THE CONSERVATOR-RESTORERS


2012

(photograph | Durst Lambda print on Premium glossy paper | dimensions: 45 x 25 cm)

A part of my practice has been to frequently work on reflections about issues related to how history gets written and how it’s permanently reinterpreted and reappropriated. This work is placed in this thematic.

The photograph was taken in the baroque chapel of Saint John the Baptist (the saint having been chosen because of his namesake King John V of Portugal) and was lavishly built in the XVIII century from the gold coming in from colonial Brazil. The chapel was commissioned and made in Rome by the finest Roman artists, being completed and set up there in 1744 to be blessed by Pope Benedict XIV, who celebrated a mass in it. The same year, the chapel was dismounted and shipped to Lisbon, filling up three ships, to be rebuilt in its current location in the Saint Roch church.

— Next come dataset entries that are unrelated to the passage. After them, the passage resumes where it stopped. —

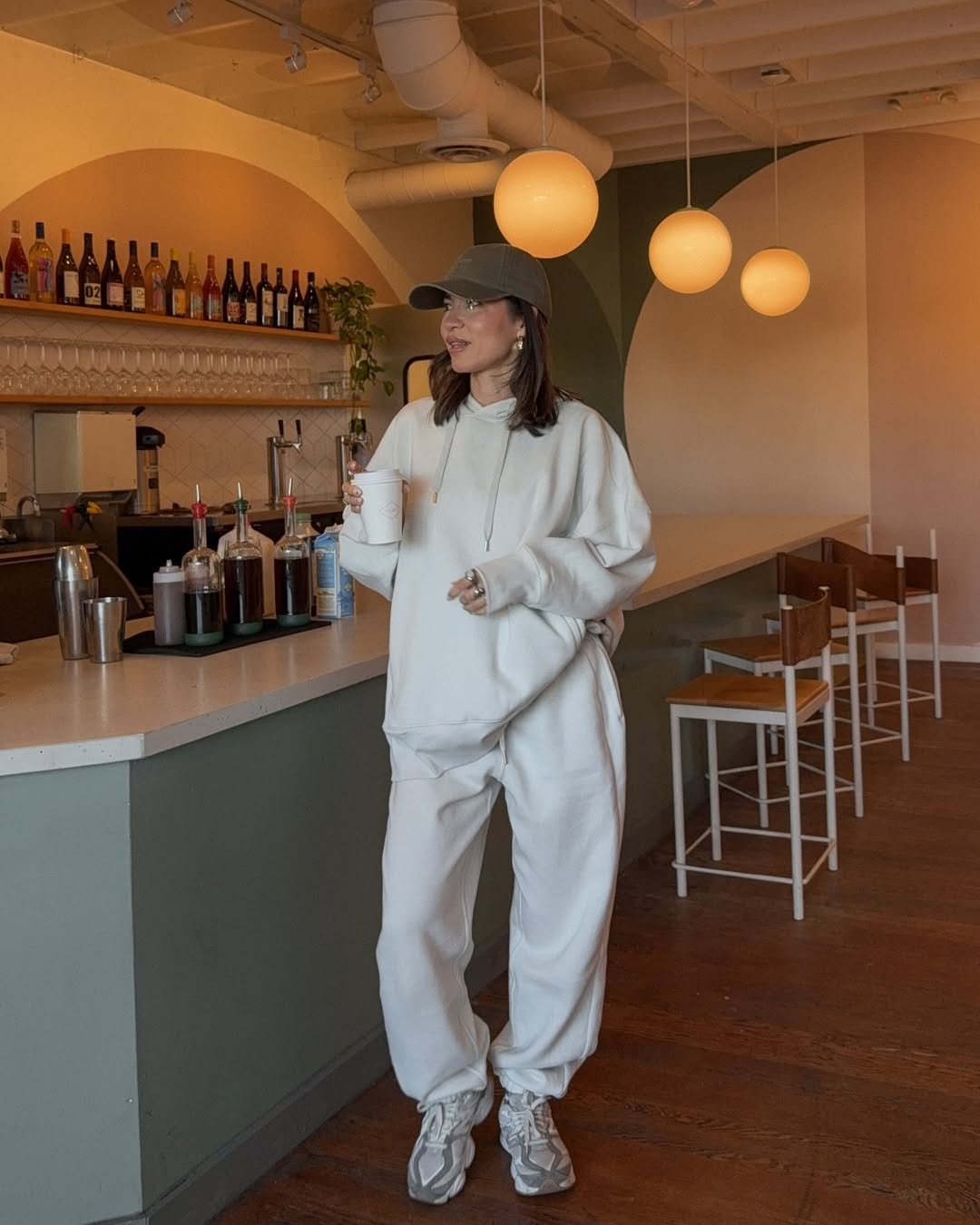 Some outfits just belong in a cozy café setting. The soft cream sweatsuit paired with a baseball cap and sneakers feels relaxed and unfussy, exactly the kind of look that works for a slow coffee date.
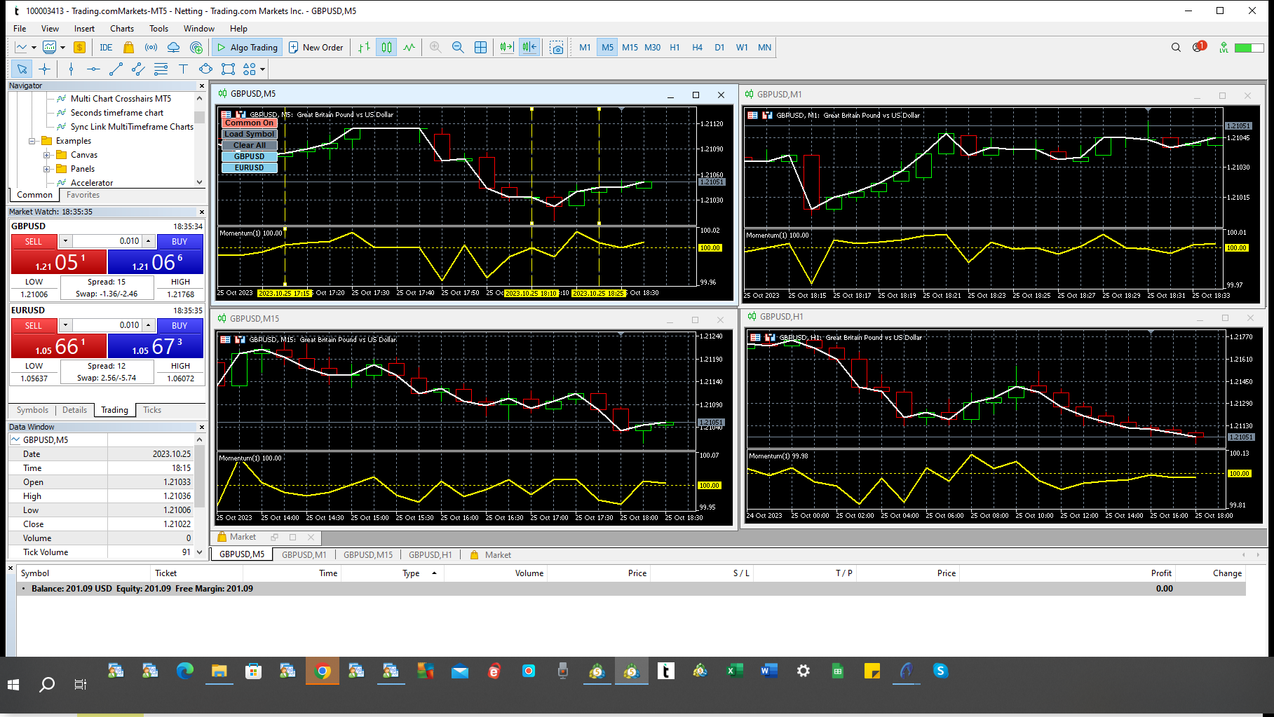 screen shot #1: Set up for GBPUSD with 5 min chart as controlling chart.
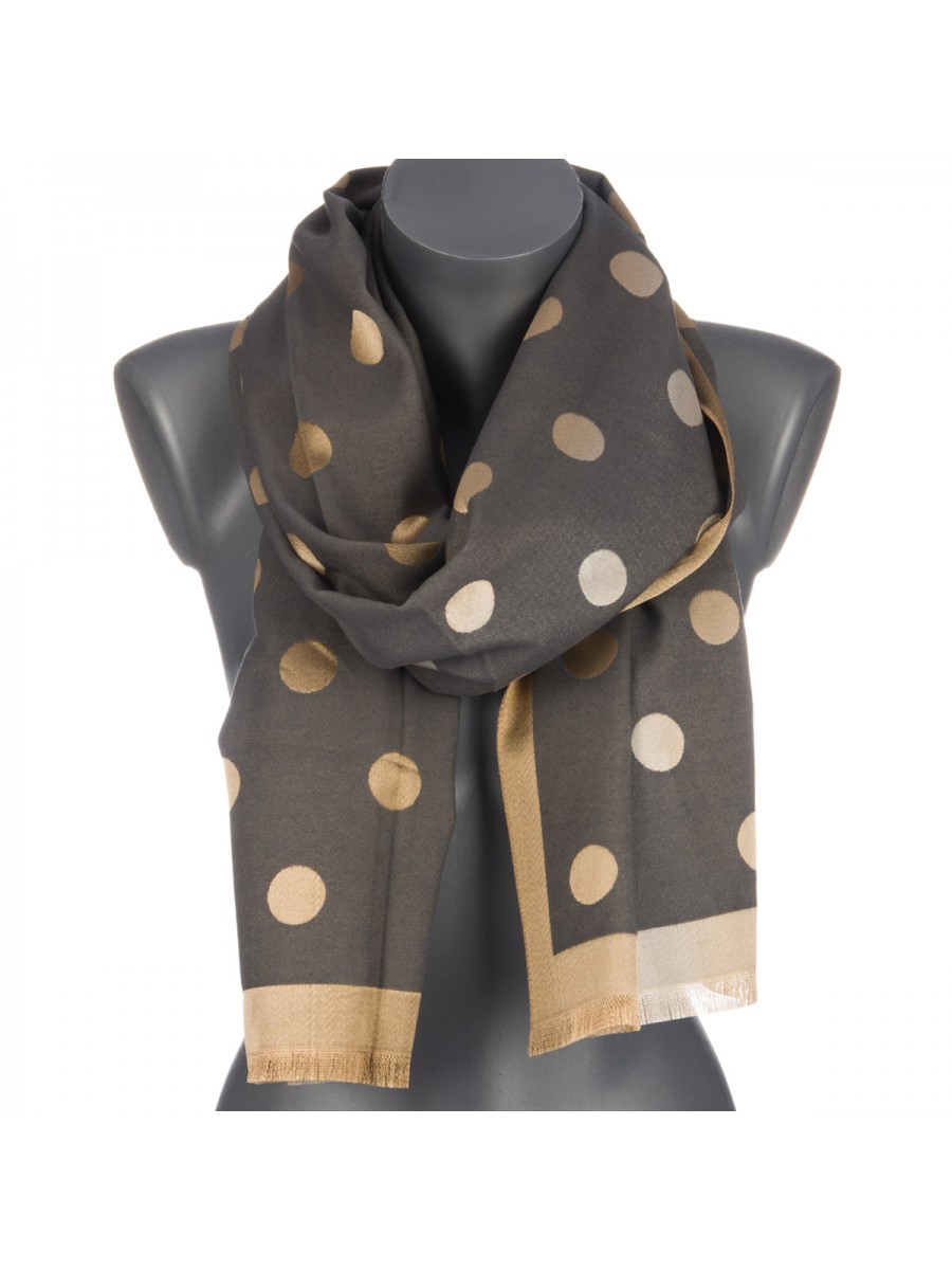 Odkryj modny szal damski ST-28, który doda szyku każdej stylizacji. Ten beżowy szal z delikatnymi kropkami i frędzlami to idealny dodatek na co dzień.
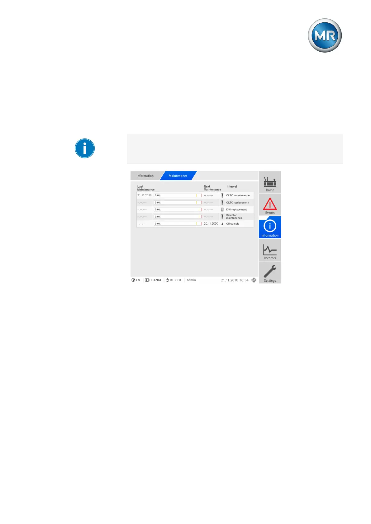 event messages. For the maintenance intervals of the on-load tap-changer,
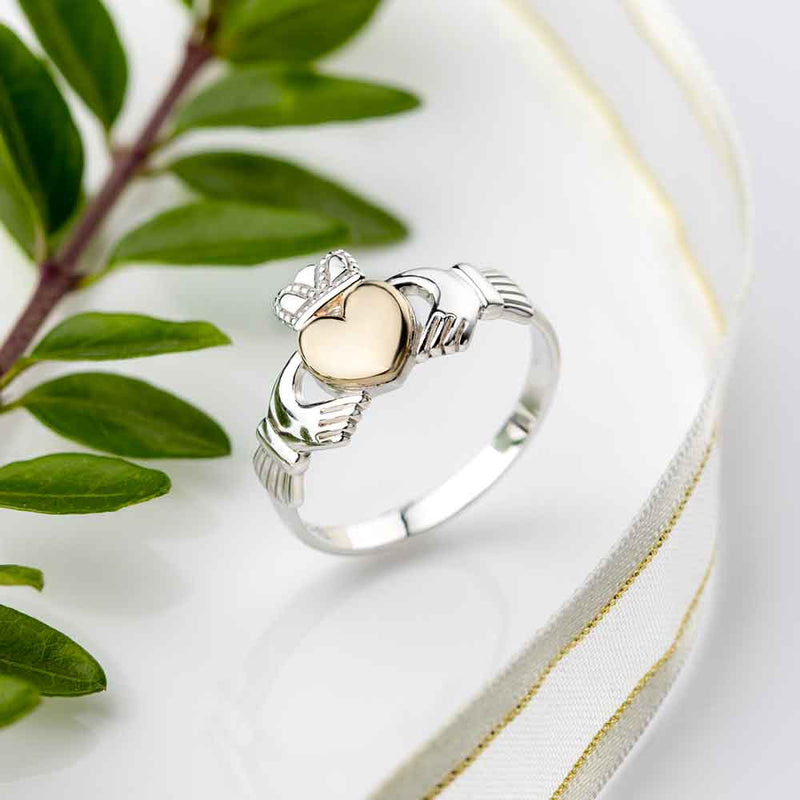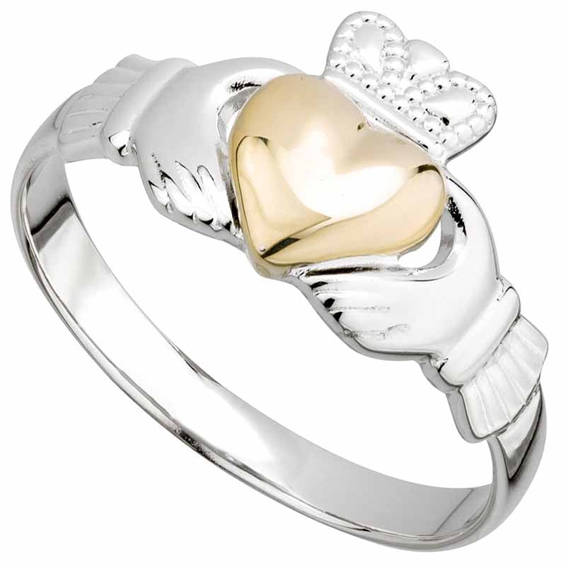 Claddagh Ring - Ladies Sterling Silver and 10k Gold Heart Claddagh Ring
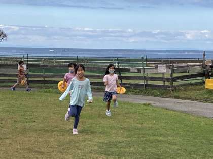 乗り物に乗り終わった子供たちから、芝生広場で鬼ごっこしたり、相撲をしたりとのびのびと遊んでいます。楽しそうです。
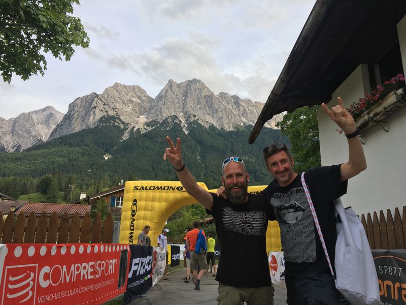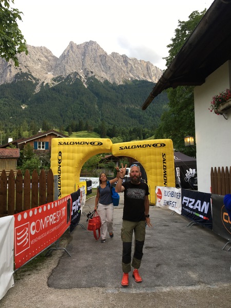 Zum Abschluss gibt’s noch ein paar Fotos am Start-und Zielbogen mit der, in der Abendsonne leuchtenden, Zugspitze im Hintergrund.
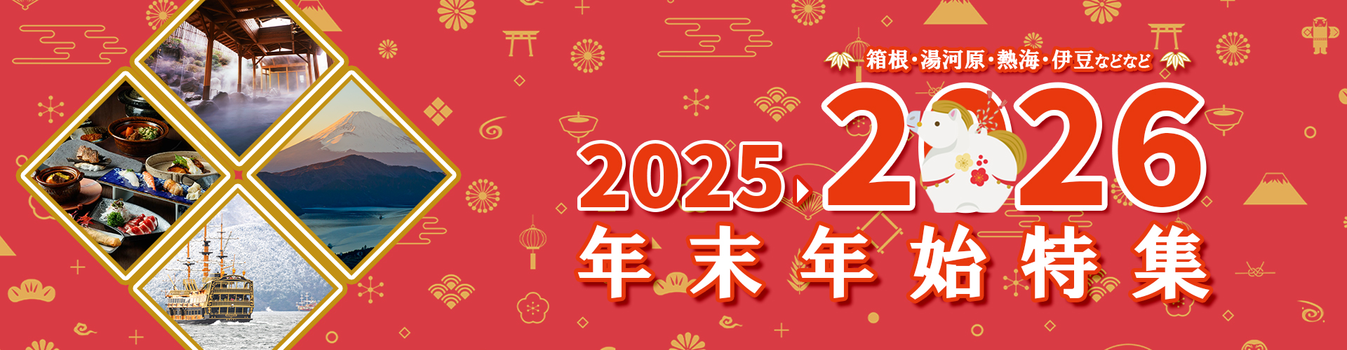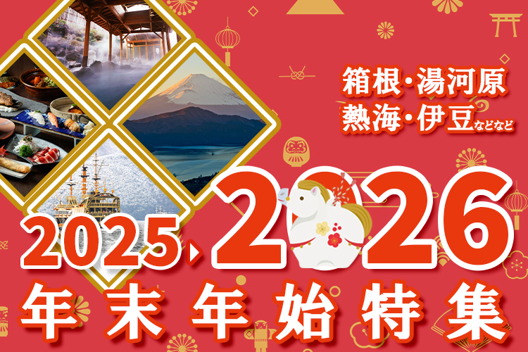 箱根をはじめ、湯河原、熱海、伊豆など、人気の温泉地を中心に、年末年始におすすめの宿泊プランを多数ご用意しました。初詣や温泉、美食、絶景…一年の締めくくりと新しい年の始まりを、特別な旅で迎えませんか?

This chapel is a clear representation, as beautiful as it is conspicuous, of power (regal and religious). It is presently undergoing an extensive conservation work that goes this time by a new agenda focussed on the promotion of the past and of the architectural heritage, aiming at the development of tourism for economical reasons and at the identitarian affirmation of the cultural predominance of the Church in our history. Interestingly, the conservation work is actually carried out exclusively by women. This could be a sign of the increasing feminisation of society and the working world, or the sign that women are still restricted to less noticeable and more gentle kinds of work, within the canonical standard of the feminine condition, as accepted for centuries (wether by option or by lack of option, consciously or unconsciously). The title is a recognition of these unassuming “restorers”.

The scene appears quite contemporary, with plastic vessels containing chemicals, white asspetic workwear and electric spotlights, but at the same time evocative in a way of Gustave Caillebotte’s painting called "Les raboteurs de parquet". But, in that painting, only men are represented, working hard at scraping floors.